For each line below that contains the string "Doplňkové", copy that line.

• Available data
* * * * * * * * *
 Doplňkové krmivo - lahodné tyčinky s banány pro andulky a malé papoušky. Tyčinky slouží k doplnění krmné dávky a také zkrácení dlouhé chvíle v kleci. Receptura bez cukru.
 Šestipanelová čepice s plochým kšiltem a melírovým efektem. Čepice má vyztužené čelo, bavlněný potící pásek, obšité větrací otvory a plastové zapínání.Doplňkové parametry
* * * * * * * * *
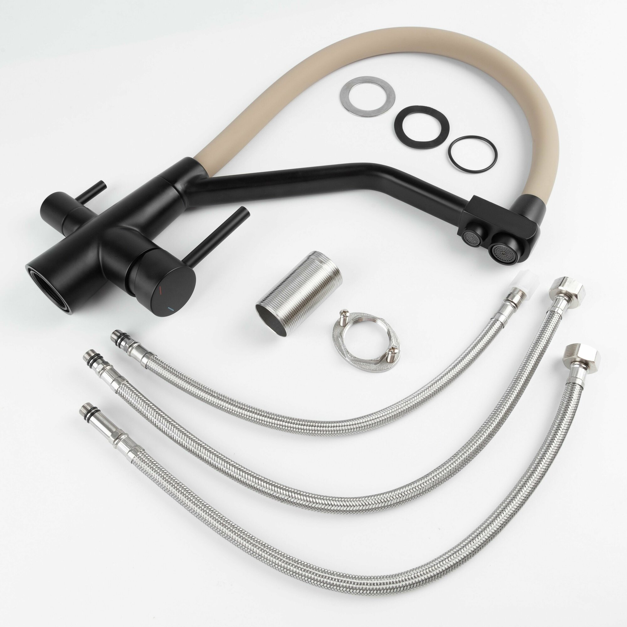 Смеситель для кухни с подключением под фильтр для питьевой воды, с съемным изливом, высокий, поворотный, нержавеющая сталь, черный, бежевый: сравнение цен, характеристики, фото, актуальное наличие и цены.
* * * * * * * * *
• Solution
 Doplňkové krmivo - lahodné tyčinky s banány pro andulky a malé papoušky. Tyčinky slouží k doplnění krmné dávky a také zkrácení dlouhé chvíle v kleci. Receptura bez cukru.
 Šestipanelová čepice s plochým kšiltem a melírovým efektem. Čepice má vyztužené čelo, bavlněný potící pásek, obšité větrací otvory a plastové zapínání.Doplňkové parametry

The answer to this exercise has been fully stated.